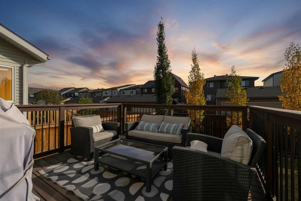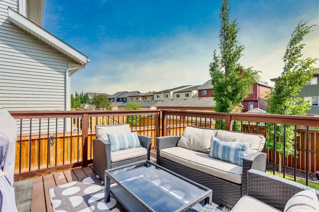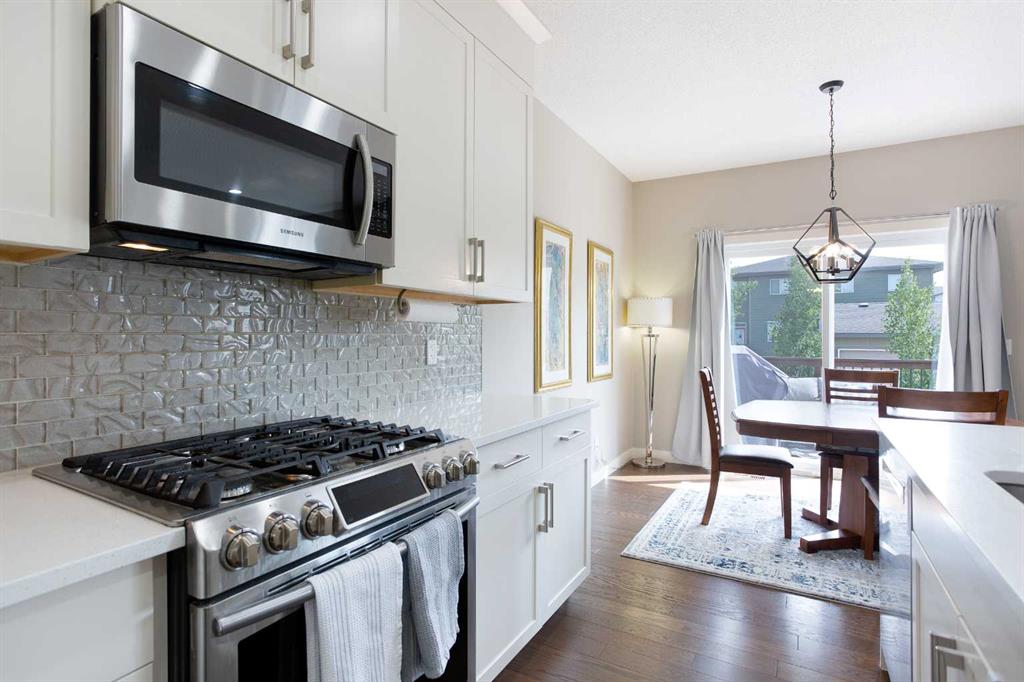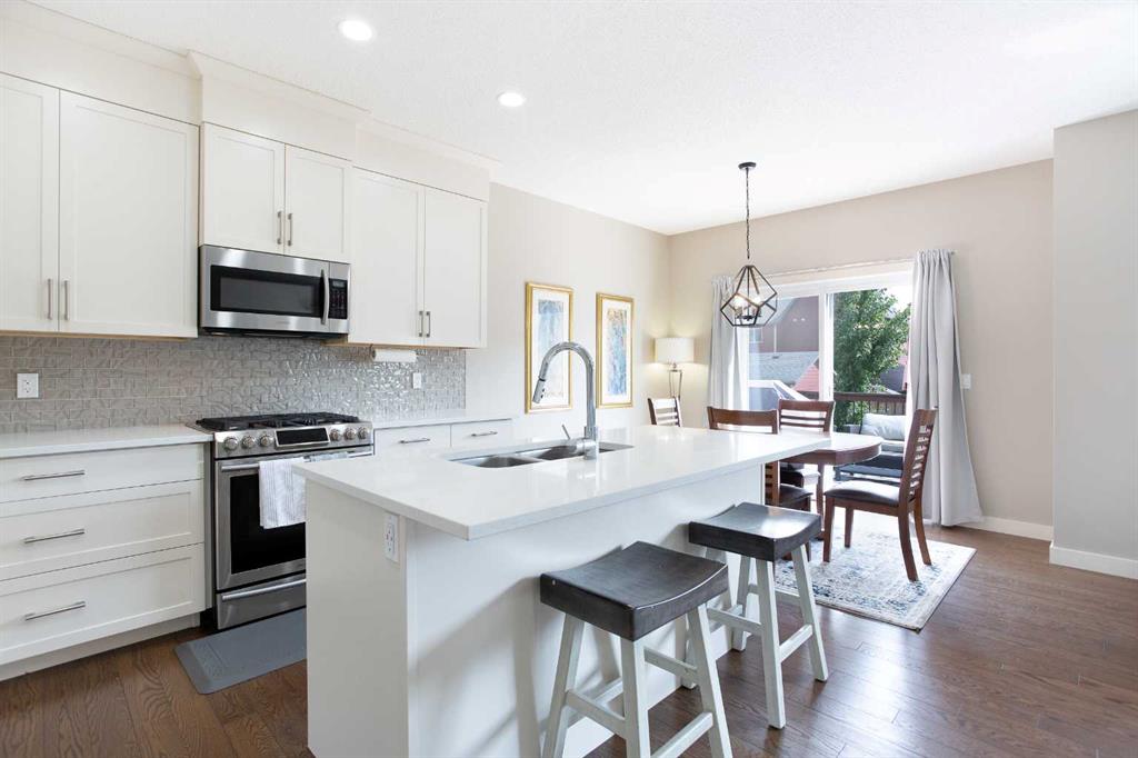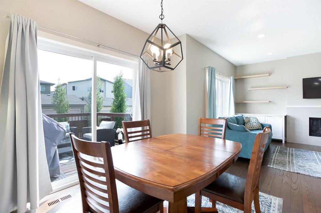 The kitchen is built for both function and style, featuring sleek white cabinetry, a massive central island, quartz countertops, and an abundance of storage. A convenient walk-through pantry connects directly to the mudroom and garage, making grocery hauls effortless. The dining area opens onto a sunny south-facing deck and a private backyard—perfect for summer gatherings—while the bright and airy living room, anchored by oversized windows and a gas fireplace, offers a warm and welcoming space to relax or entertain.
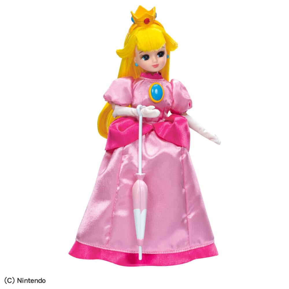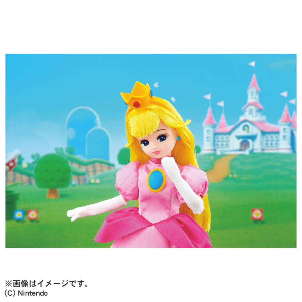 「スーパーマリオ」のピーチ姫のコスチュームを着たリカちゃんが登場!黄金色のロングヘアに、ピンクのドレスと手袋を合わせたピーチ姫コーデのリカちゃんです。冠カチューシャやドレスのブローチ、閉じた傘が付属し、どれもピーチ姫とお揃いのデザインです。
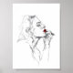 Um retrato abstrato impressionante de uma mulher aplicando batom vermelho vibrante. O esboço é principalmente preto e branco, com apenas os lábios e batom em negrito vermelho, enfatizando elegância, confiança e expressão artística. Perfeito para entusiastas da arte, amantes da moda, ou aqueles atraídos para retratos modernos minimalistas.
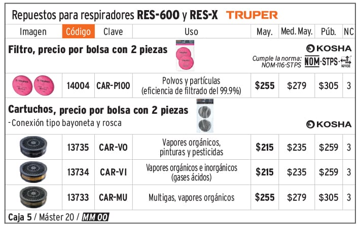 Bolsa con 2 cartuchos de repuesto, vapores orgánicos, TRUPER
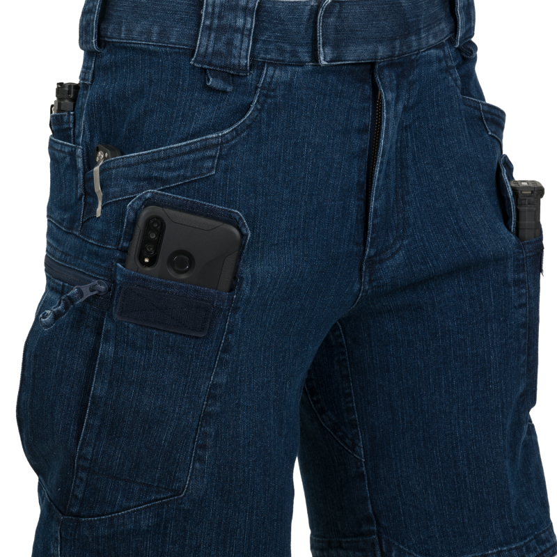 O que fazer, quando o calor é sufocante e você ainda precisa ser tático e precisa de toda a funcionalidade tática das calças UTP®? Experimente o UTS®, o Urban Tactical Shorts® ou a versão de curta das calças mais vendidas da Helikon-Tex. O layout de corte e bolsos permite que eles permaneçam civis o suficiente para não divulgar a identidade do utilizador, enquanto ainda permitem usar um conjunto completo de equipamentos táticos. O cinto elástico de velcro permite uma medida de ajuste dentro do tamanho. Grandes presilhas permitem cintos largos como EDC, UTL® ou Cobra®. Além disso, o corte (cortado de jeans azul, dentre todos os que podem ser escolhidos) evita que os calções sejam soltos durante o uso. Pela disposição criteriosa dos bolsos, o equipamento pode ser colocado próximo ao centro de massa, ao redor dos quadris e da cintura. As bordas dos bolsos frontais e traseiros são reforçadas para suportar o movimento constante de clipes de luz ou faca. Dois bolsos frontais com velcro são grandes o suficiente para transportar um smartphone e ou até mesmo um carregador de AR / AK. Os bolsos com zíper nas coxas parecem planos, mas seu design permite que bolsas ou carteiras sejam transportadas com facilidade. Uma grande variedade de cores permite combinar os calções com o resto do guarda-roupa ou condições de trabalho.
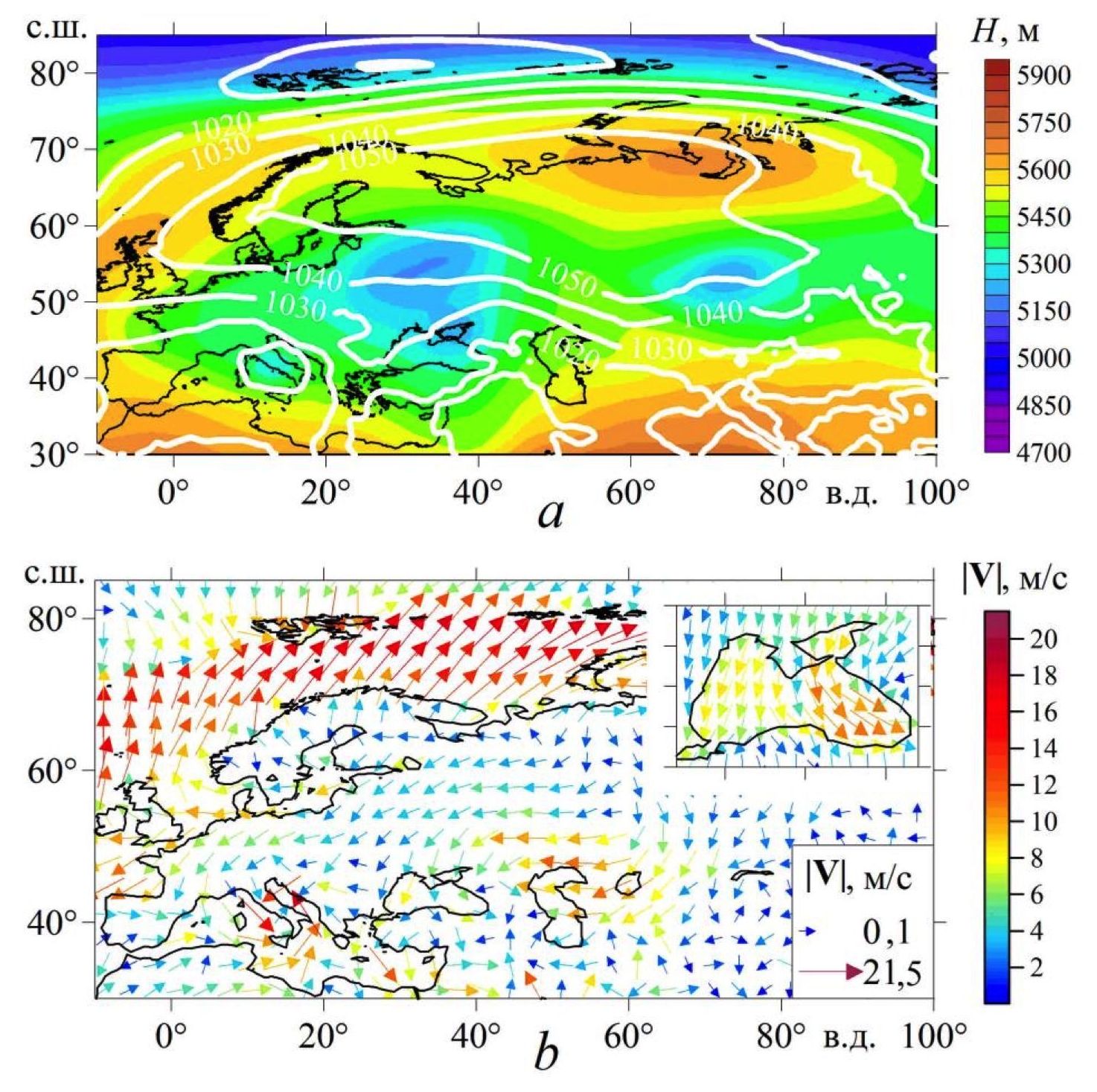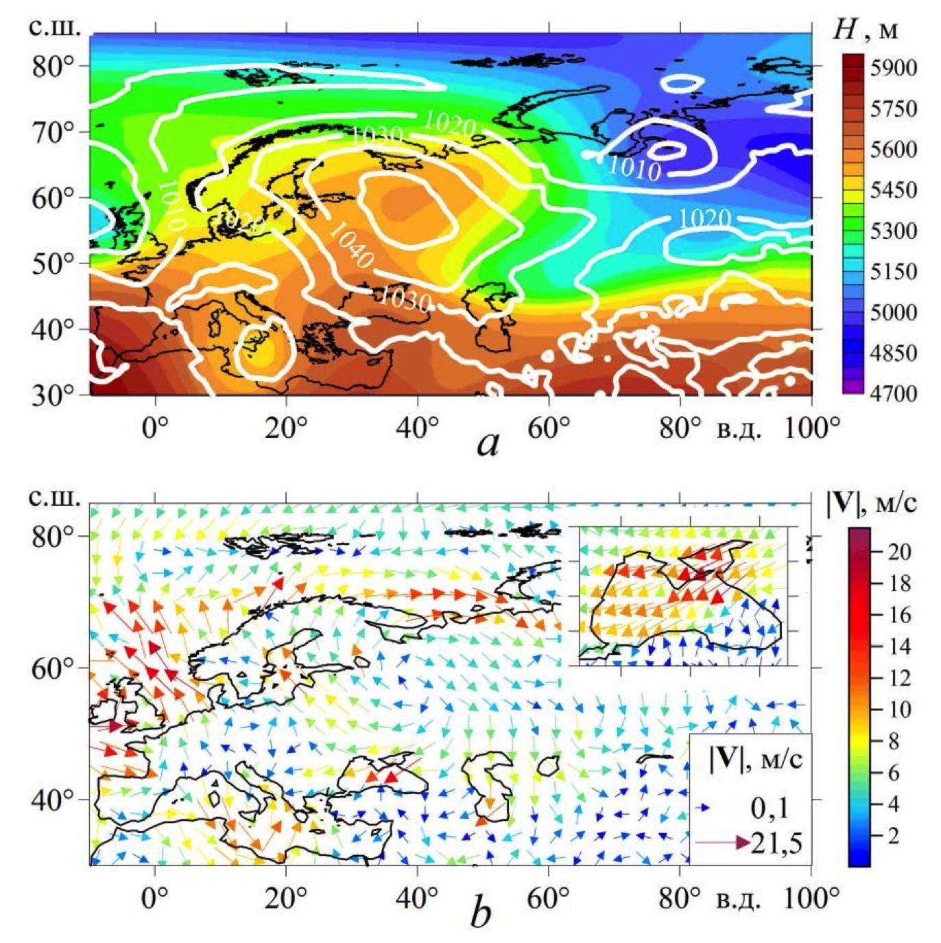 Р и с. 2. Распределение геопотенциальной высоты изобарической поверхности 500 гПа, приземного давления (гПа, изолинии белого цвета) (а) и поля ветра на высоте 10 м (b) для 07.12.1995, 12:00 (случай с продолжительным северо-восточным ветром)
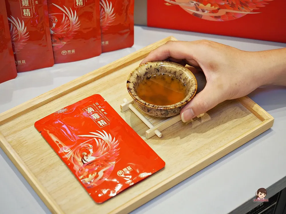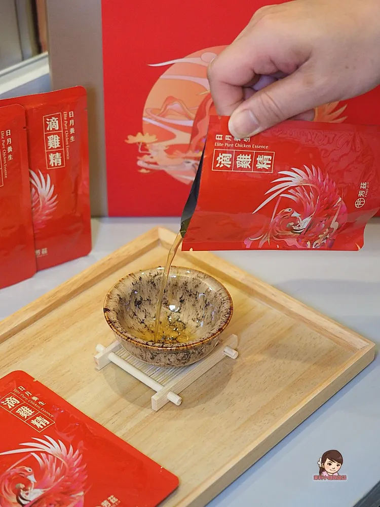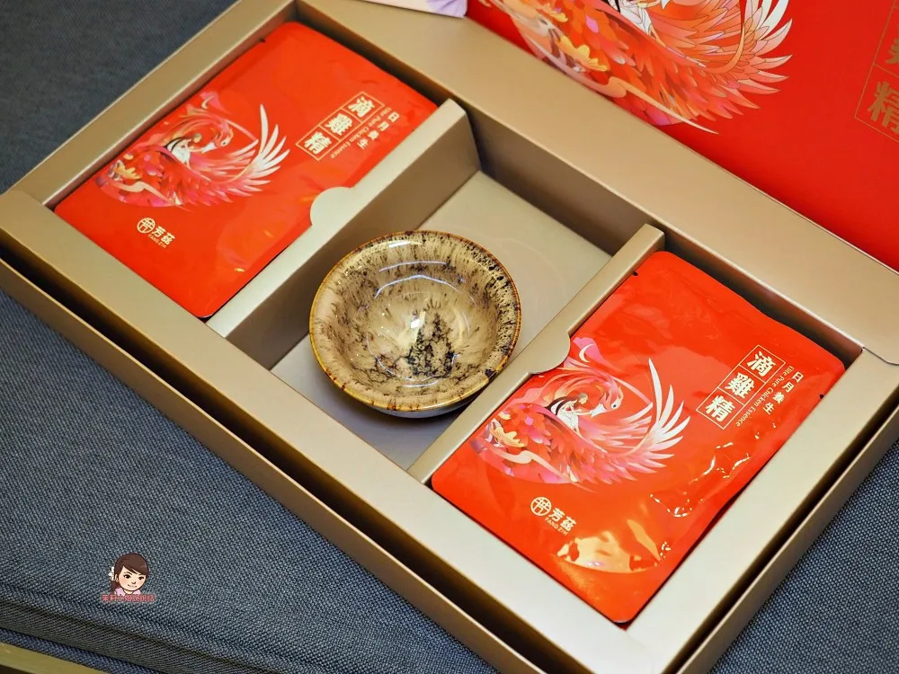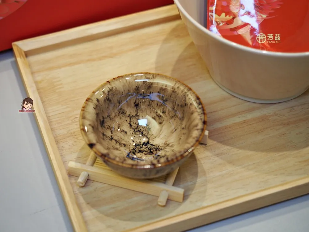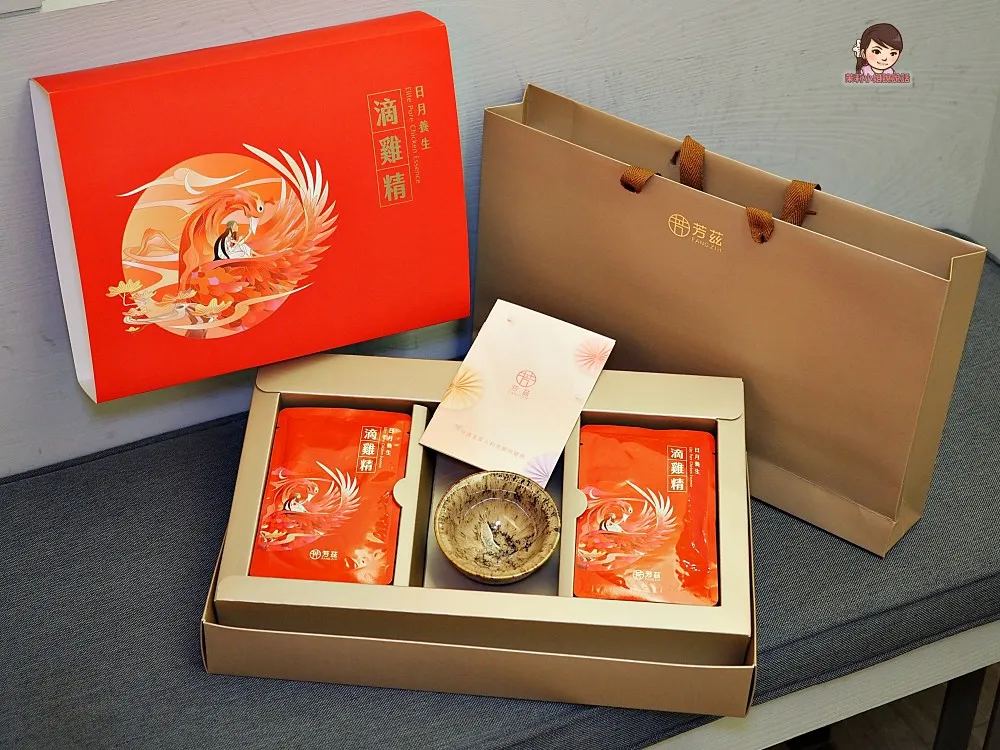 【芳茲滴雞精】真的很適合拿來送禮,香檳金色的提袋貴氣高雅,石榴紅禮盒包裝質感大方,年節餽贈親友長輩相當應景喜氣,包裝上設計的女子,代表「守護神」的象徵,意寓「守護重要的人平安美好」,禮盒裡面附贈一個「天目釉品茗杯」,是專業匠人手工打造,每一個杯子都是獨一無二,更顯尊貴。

- _The problem_
Word for word, write out the lines from the top of the records above down to the line holding "Um retrato abstrato", inclusive, but not the pictures.

- _Result of this task_
 The kitchen is built for both function and style, featuring sleek white cabinetry, a massive central island, quartz countertops, and an abundance of storage. A convenient walk-through pantry connects directly to the mudroom and garage, making grocery hauls effortless. The dining area opens onto a sunny south-facing deck and a private backyard—perfect for summer gatherings—while the bright and airy living room, anchored by oversized windows and a gas fireplace, offers a warm and welcoming space to relax or entertain.
 「スーパーマリオ」のピーチ姫のコスチュームを着たリカちゃんが登場!黄金色のロングヘアに、ピンクのドレスと手袋を合わせたピーチ姫コーデのリカちゃんです。冠カチューシャやドレスのブローチ、閉じた傘が付属し、どれもピーチ姫とお揃いのデザインです。
 Um retrato abstrato impressionante de uma mulher aplicando batom vermelho vibrante. O esboço é principalmente preto e branco, com apenas os lábios e batom em negrito vermelho, enfatizando elegância, confiança e expressão artística. Perfeito para entusiastas da arte, amantes da moda, ou aqueles atraídos para retratos modernos minimalistas.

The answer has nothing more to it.